|Abstract:||Classification problems in machine learning involve assigning labels to various kinds of output types, from single assignment binary and multi-class classification to more complex assignments such as category ranking, sequence identification, and structured-output classification. Traditionally, most machine learning algorithms and theory is developed for the binary setting. In this dissertation, we provide a framework to unify these problems. Through this framework, many algorithms and significant theoretic understanding developed in the binary domain is extended to more complex settings.
First, we introduce Constraint Classification, a learning framework that provides a unified view of complex-output problems. Within this framework, each complex-output label is viewed as a set of constraints, sufficient enough to capture the information needed to classify the example. Thus, prediction in the complex-output setting is reduced to determining which constraints, out of a potentially large set, hold for a given example---a task that can be accomplished by the repeated application of a single binary classifier to indicate whether or not each constraint holds. Using this insight, we provide a principled extension of binary learning algorithms, such as the support vector machine and the Perceptron algorithm to the complex-output domain. We also show that desirable theoretical and experimental properties of the algorithms are maintained in the new setting.
Second, we address the structured output problem directly. Structured output labels are collections of variables corresponding to a known structure, such as a tree, graph, or sequence that can bias or constrain the global output assignment. The traditional approach for learning structured output classifiers, that decomposes a structured output into multiple localized labels to learn independently, is theoretically sub-optimal. In contrast, recent methods, such as constraint classification, that learn functions to directly classify the global output can optimal performance. Surprisingly, in practice it is unclear which methods achieve state-of-the-art performance. In this work, we study under what circumstances each method performs best. With enough time, training data, and representative power, the global approaches are better. However, we also show both theoretically and experimentally that learning a suite of local classifiers, even sub-optimal ones, can produce the best results under many real-world settings.
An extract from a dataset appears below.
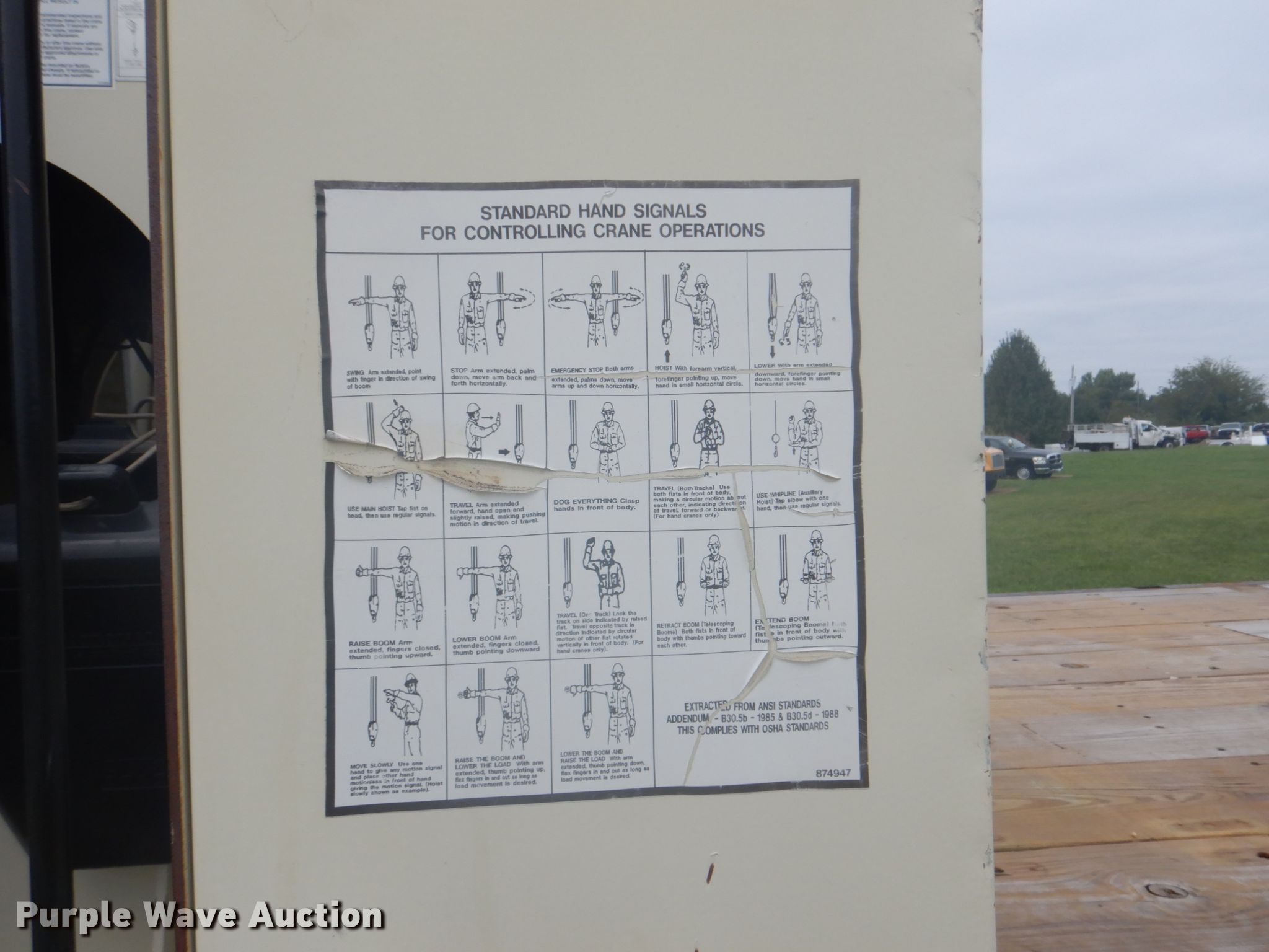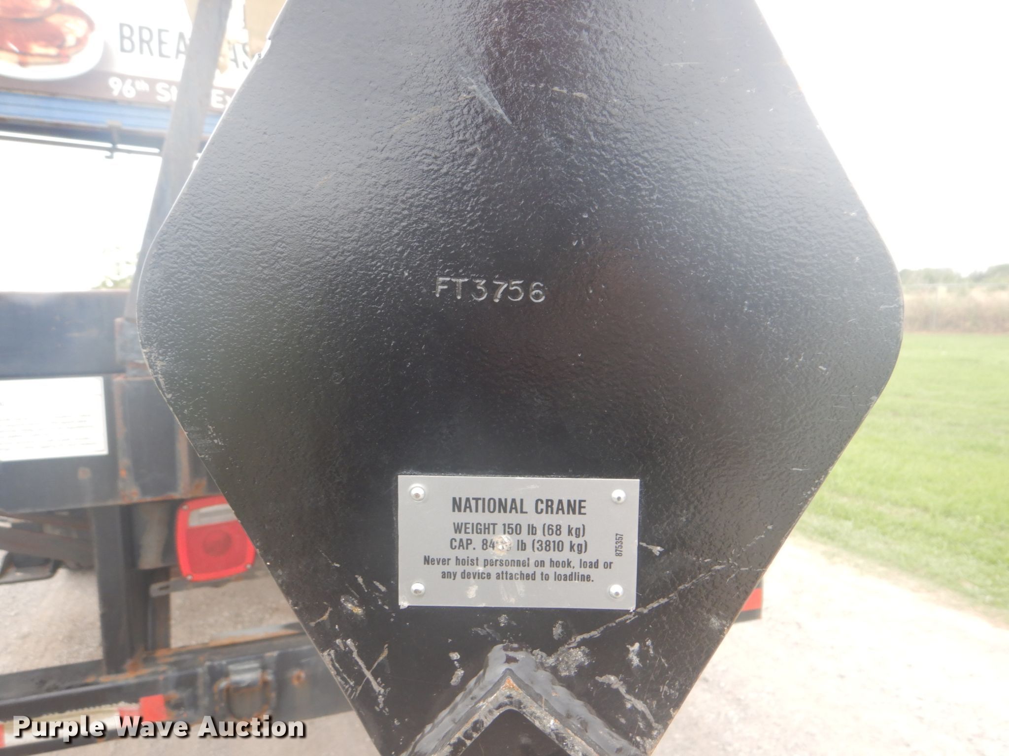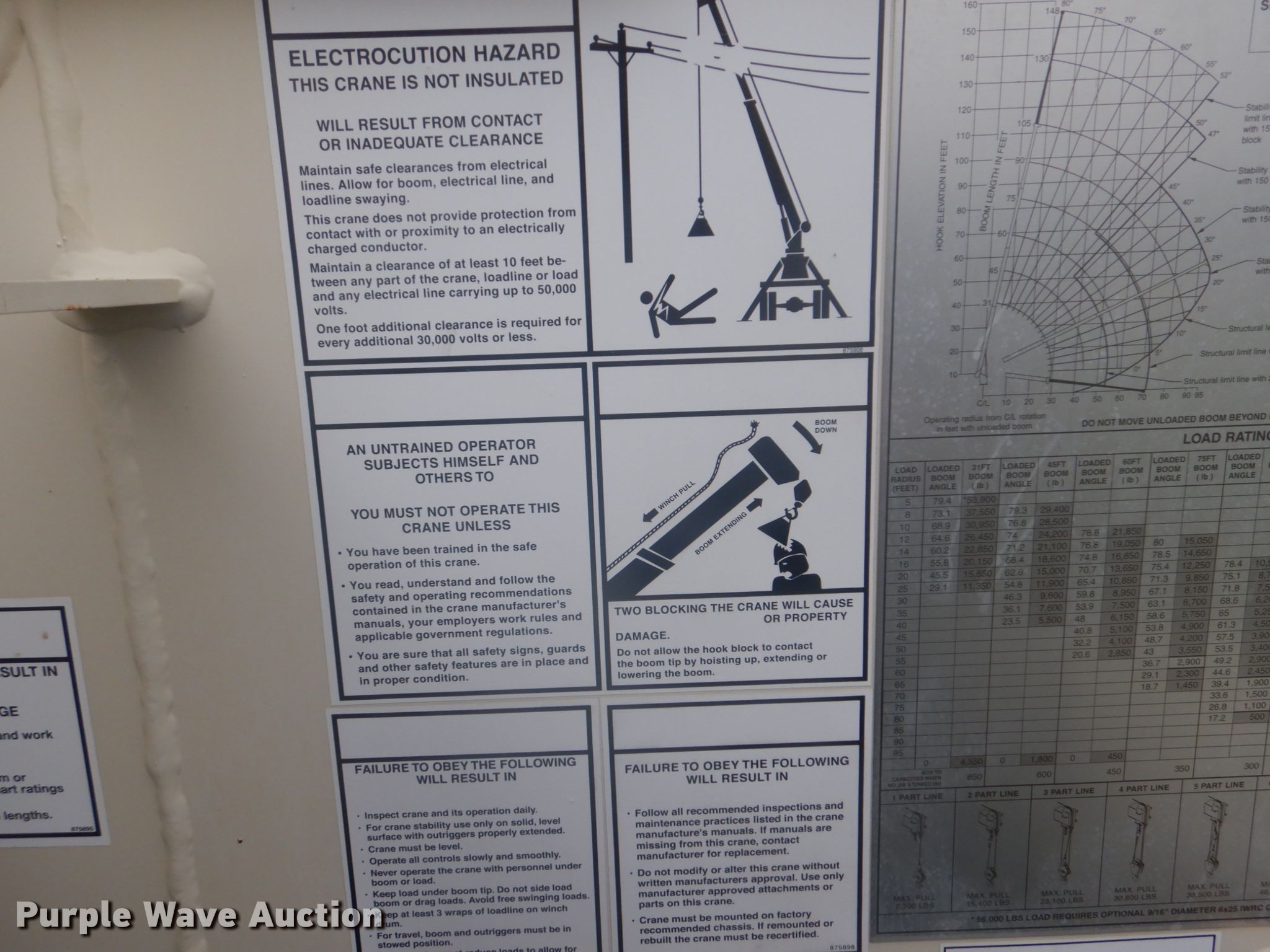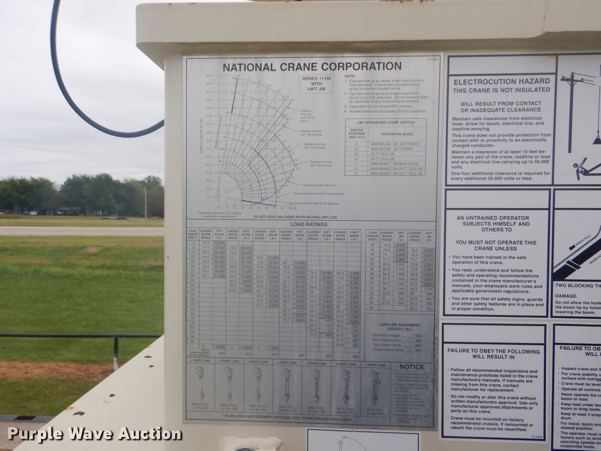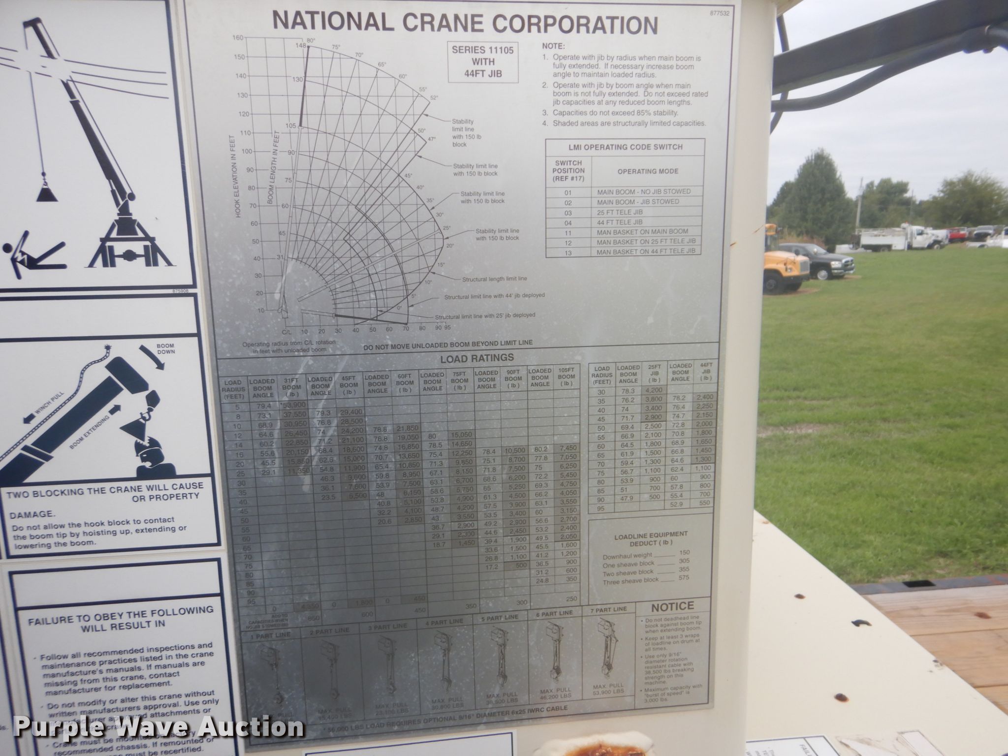 Purple Wave is selling a used Crane Truck in Oklahoma. This item is a 2007 Sterling L8500 crane truck with the following: 21,915 miles on odometer, 2,939 hours on meter, Caterpillar C7 7.2L L6 diesel engine, Eaton Fuller eight speed manual transmission, Tandem axle, Inter-axle differential lock, AC and heat, Knapheide PVMNAT-220D flatbed, 22'L, Serial 20061117-0046054, National Crane 1100 knuckle boom crane, 105' boom length, Four section boom, 28 ton maximum lift capacity, 161" maximum lift height, 44' jib, Ground boom controls, 84,000 lbs crane block, Lift chart, Spring suspension, Air brakes, Dunlop 11R22.5 tires, GVWR 47,500 lbs

Third, we address an important algorithm in machine learning, the maximum margin classifier. Even with a conceptual understanding of how to extend maximum margin algorithms to more complex settings and performance guarantees of large margin classifiers, complex outputs render traditional approaches intractable in more complex settings. We introduce a new algorithm for learning maximum margin classifiers using coresets to find provably approximate solution to maximum margin linear separating hyperplane. Then, using the constraint classification framework, this algorithm applies directly to all of the previously mentioned complex-output domains. In addition, coresets motivate approximate algorithms for active learning and learning in the presence of outlier noise, where we give simple, elegant, and previously unknown proofs of their effectiveness.